Die promovierte Soziologin und Stadtplanerin Elizabeth Currid-Halkett zeichnet in ihrem vielbeachteten Buch ein eindrucksvolles Bild dieser neuen Elite und argumentiert, dass die ethisch und ökologisch wohlinformierten Lifestyle-Entscheidungen der vermeintlich moralisch Überlegenen die Spaltung der Gesellschaft jedoch nicht verringert oder gar überwinden hilft. Im Gegenteil: Die Konsumgewohnheiten der neuen Elite reproduzieren und verstärken sogar noch die Kluft zwischen den mobilen, weltoffenen und gebildeten Schichten und den ohnehin schon Abgehängten, den weniger Entscheidungsfreien.

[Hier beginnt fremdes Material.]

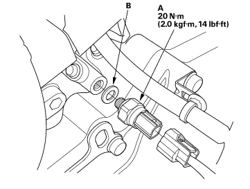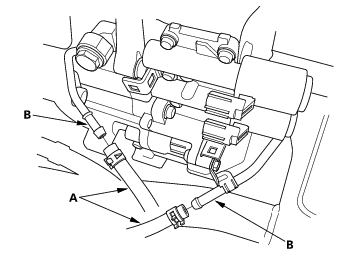 - Connect the ATF cooler hoses (A) to the ATF cooler lines (B) (see page 14-151) .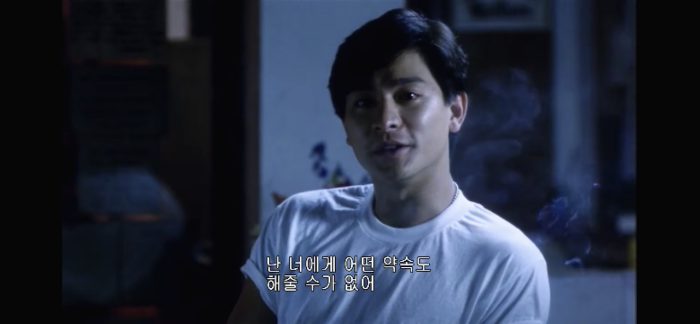 포털에서 열혈남아를 검색하면 역시 드라마 혹은 범죄 장르로 소개된다. 하지만 영화 전반을 관통하는 배경이 범죄 세계임에도 불구하고, 나는 이 영화가 철저하게 로맨스임을 고집하겠다. 폭력으로 빚을 회수하거나 조직원 간 갈등과 협박이 계속되는 장면들 틈에, 남겨진 여자 '아오(장만옥 분)'가 있다. 아화는 처음 아오에게 사랑의 감정을 전하며, 먹먹하게 말한다.

Prof. Dr. Elizabeth Currid-Halkett ist Soziologin und Stadtplanerin und lehrt an der renommierten University of Southern California. Über ihre Arbeit berichteten u.a. die »L.A. Times«, die »New York Times«, der »New Yorker« und das »Wall Street Journal«. Sie gilt als eine der einflussreichsten Vordenkerinnen der Ökonomie und Soziologie von Kunst, Kultur und Konsum. Sie lebt mit ihrer Familie in der Nähe von Los Angeles.

KAPITEL 1

Die »feinen« Leute des 21. Jahrhunderts


»Ein handgeschmiedeter Silberlöffel, der einen Handelswert von zehn bis zwanzig Dollar besitzt, taugt im Allgemeinen nicht mehr – im üblichen Sinne des Wortes – als ein maschinell hergestellter Löffel desselben Materials, ja, er taugt wahrscheinlich nicht einmal mehr … Der naheliegende Einwand lautet natürlich, daß dieser Gesichtspunkt den wesentlichsten Sinn des teuren Löffels außer acht lässt. Der handgeschmiedete Löffel befriedigt nämlich unseren Geschmack und Schönheitssinn …, ohne daß es darum das Letztere an Schönheit der Körnung und Farbe oder an Tauglichkeit übertrifft …«

Thorstein Veblen, Theorie der feinen Leute (1899)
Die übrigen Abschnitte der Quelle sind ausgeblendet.